Re: knfsd server bug when GETATTR follows READDIR

[Date Prev][Date Next][Thread Prev][Thread Next][Date Index][Thread Index]

 



On 12/21/24 6:53 PM, Rick Macklem wrote:
On Sat, Dec 21, 2024 at 3:27 PM Rick Macklem <rick.macklem@xxxxxxxxx> wrote:

On Sat, Dec 21, 2024 at 9:34 AM Chuck Lever <chuck.lever@xxxxxxxxxx> wrote:

On 12/20/24 9:16 PM, J David wrote:
Hello,

On Tue, Dec 17, 2024 at 8:51 PM Chuck Lever <chuck.lever@xxxxxxxxxx> wrote:
If they can reproduce
this issue with an "in tree" file system contained in a recent upstream
Linux kernel, then we can take a look. (Or you and J. David can give it
a try).

Yes, I reproduced this behavior on ext4 with 6.11.5+bpo-amd64 from
Debian backports on completely different hardware.

Then I set up another NFS server on Arch (running kernel 6.12.4), and
reproduced the issue there as well.

Then, just to be sure, I went and found the instructions for building
the Linux kernel from source, built and tested both 6.12.6 and
6.13-rc3 as downloaded directly from www.kernel.org, and the issue
occurs with those as well.

Reproducing on v6.13-rc with ext4 is all that was necessary, thank you!

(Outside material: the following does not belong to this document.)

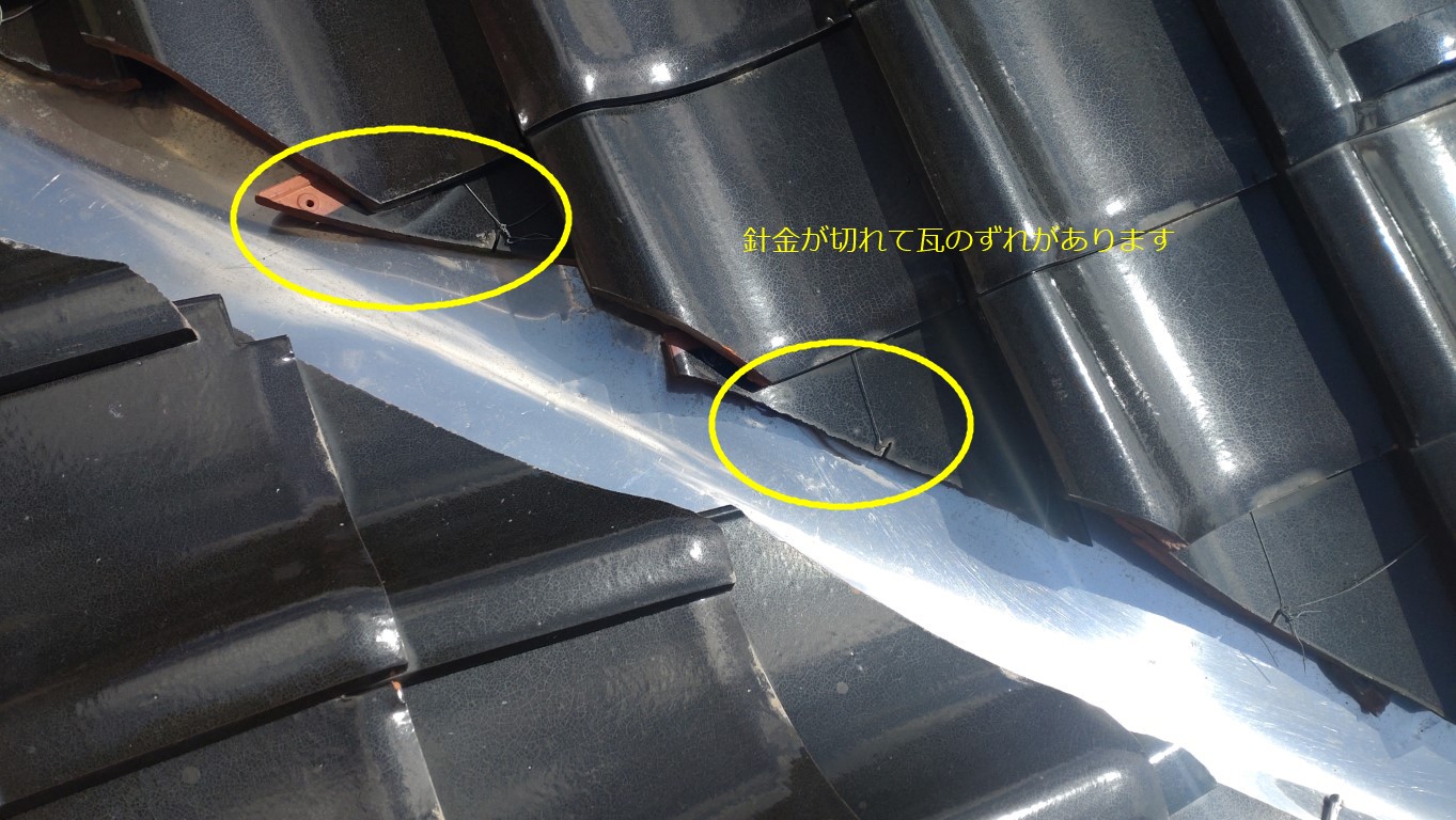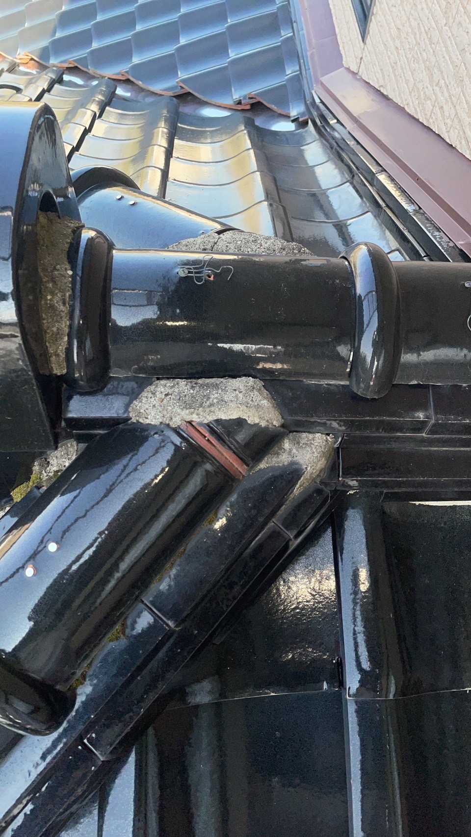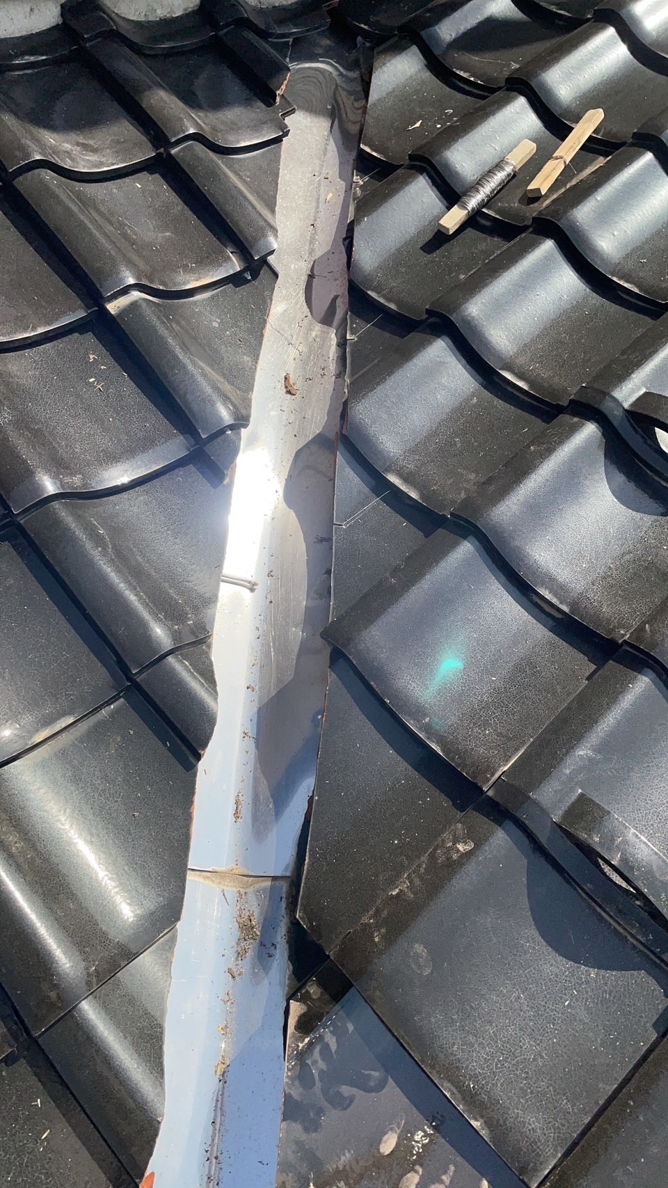 谷部は雨水を排水させる大切な部分ですが、同時に雪も溜まりやすく、その雪が融け出すときに周辺の瓦を引きずってしまう現象です。こちらもしっかり補修します。

Additionally, I have tested every combination of FreeBSD, Linux and
OpenIndiana as client and server to confirm that FreeBSD client with
Linux server is the only case where this problem occurs.

Interesting.


Does this count as reproducing the issue with an "in tree" file system
contained in a recent upstream Linux kernel? I'm asking sincerely; I'm
so far out of my depth that I'm pretty sure there are sea monsters
swimming around down there. So I can't rule out the possibility that
I've done something wrong either in setup or testing.

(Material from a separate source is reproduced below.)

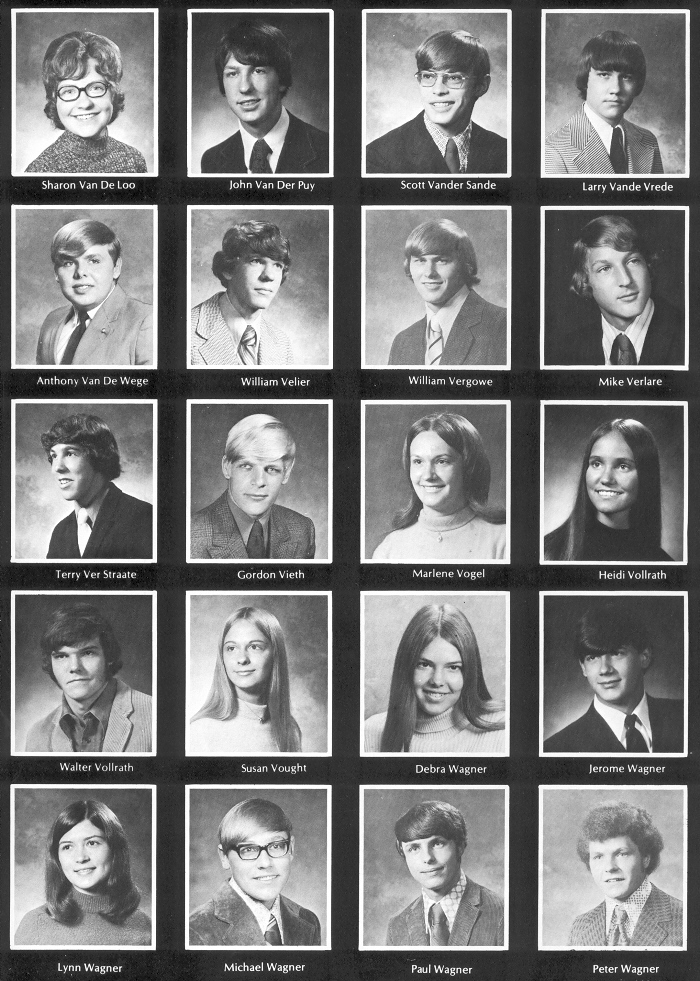 1973 Sheboygan North High School, Page 121: Sharon Van De Loo, John Van Der Puy, Scott Vander Sande, Larry Vande Vrede, Anthony Van De Wege, William Velier, William Vergowe, Mike Verlare, Terry Ver Straate, Gordon Vieth, Marlene Vogel, Heidi Vollrath, Walter Vollrath, Susan Vought, Debra Wagner, Jerome Wagner, Lynn Wagner, Michael Wagner, Paul Wagner, Peter Wagner.
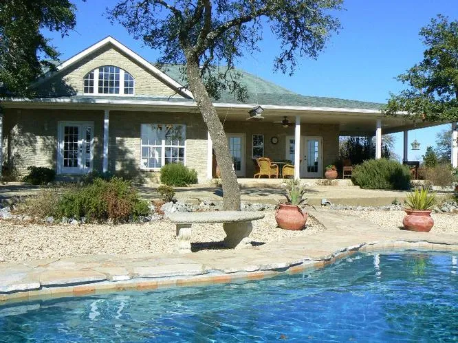 Master suite has 2 vanities & its own patio. Kitchen feature R/O water. Stone fireplace in great room. Solar heated pool, 2500 gallon propane tank. Well is 650' in the trinity w/12,000 gallon water storage tank, water softner. Dish network.

During the course of this, I've gotten the reproduction down to
extracting a 2k tar file and then running "du" on the resulting
directory from the client. Doesn't matter if the file is untarred on
the FreeBSD client, the server, or another client. The tar file
contains a directory with a handful of random Javascript files from
Drupal. As far as I can tell, it has something to do with the number,
size, or names of the files. The Drupal project has three separate
directories all structured like this with the same filenames, but the
file contents vary. The issue occurs with all of them.

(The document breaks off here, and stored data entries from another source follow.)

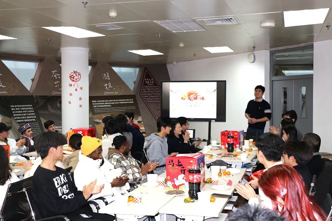 随后,活动进入了富有中国文化特色的环节。汉语言教师王佳乐为在场师生带来了一次生动有趣的“中国年俗文化小课堂”,她详细介绍了中国传统新年的贴春联、发压岁钱、包饺子、放鞭炮等习俗,深入浅出地展示了中华优秀传统文化的魅力,使中外学生对中华传统文化有了更为深刻的认识。
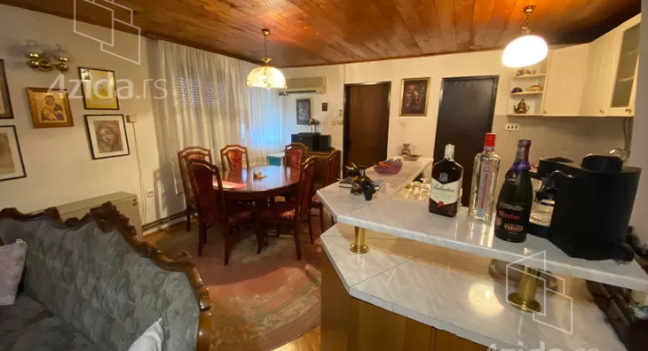 NEKRETNINE 96 prodaju dvoiposoban stan (po strukturi trosoban) ukupne površine 61m2 koji se nalazi na poslednjem petom spratu stambene zgrade u starogradnji (zgrada ne poseduje lift). Stan se sastoji od hodnika, dnevne sobe sa kuhinjom i trpezarijom, dve spavaće sobe i kupatila.
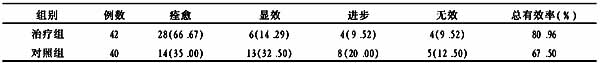 1.4 治疗方法 82例患者按就诊顺序随机分为治疗组42例及对照组40例。治疗组:用注射阿奇霉素针剂(湖北瑞康药业有限公司生产)500mg加入生理盐水500ml中静脉滴注,每天1次,连续用2天;对照组口服阿奇霉素片(大连辉瑞制药)1000mg顿服。
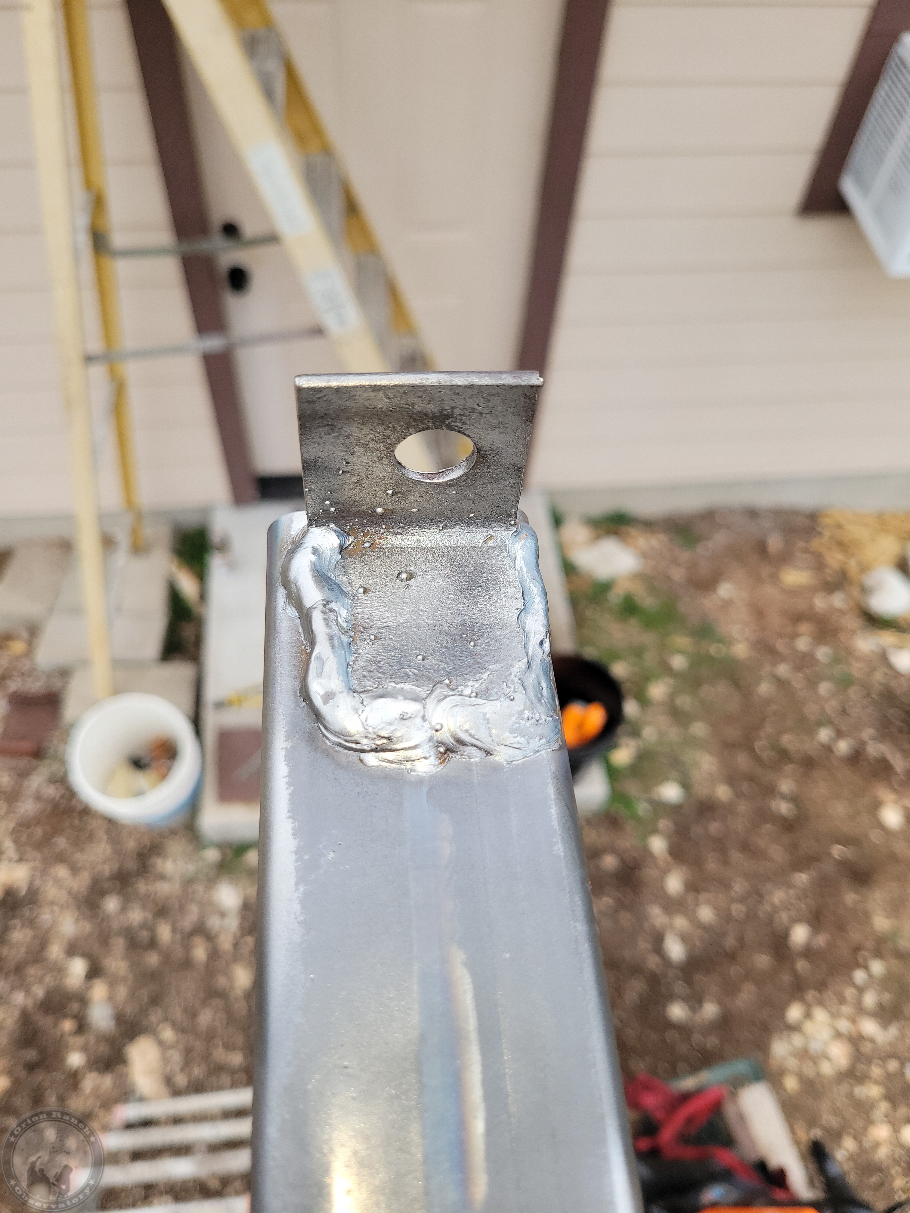 Adding a small scrap of angle iron to allow lag-bolting the beam to the face of the warm room ceiling joists.

The Linux /etc/exports file is just:

/data 192.168.201.0/24(rw,sync)

(The production case also uses crossmnt and no_subtree_check, anonuid,
and anongid, but I eliminated those one by one to make sure they
weren't responsible.)

The corresponding fstab entry on the FreeBSD 14.2-RELEASE client is:

192.168.201.200:/data /data nfs rw,tcp,nfsv4,minorversion=2 0 0

Out of curiosity, do you see the problem recur with nfsv3 or the other
NFSv4 minor versions?


One additional thing I noticed that really blew my mind is that I can
shutdown both the client and the server, wait, power them back on, and
the issue is still there. So it's not something in RAM.  That prompted
me to try "touch x" in the directory to create a new 0-length file.
The issue then goes away. Then I can "rm x" and the issue comes back.
By contrast, I can write megabytes from /dev/random into one of the
files without affecting anything; the issue stays the same.

I then tried it with all empty files using the same filenames. The
issue still occurred. Add or remove one file and the issue goes away.
I then renamed one of the files to zz.js. Issue still occurs. Renamed
it to zzz.js. Problem still occurs. Kept going until I got to
zzzzzz.js and it worked.

Finally, I got it to the point where running this in an empty mounted
directory will create the issue:

rm *.xx; for a in a b c d e f g h ; do for b in 1 2 3 4 5 6 7 ; do
touch $a$b.xx ; done; done; for a in 1 2 3 4 5; do touch x$a-xx.xx;
done; touch y0-xxxxxx.xx

and this will not:

rm *.xx; for a in a b c d e f g h ; do for b in 1 2 3 4 5 6 7 ; do
touch $a$b.xx ; done; done; for a in 1 2 3 4 5; do touch x$a-xx.xx;
done; touch y0-xxxxxxx.xx

(The difference being one extra x in the last filename.)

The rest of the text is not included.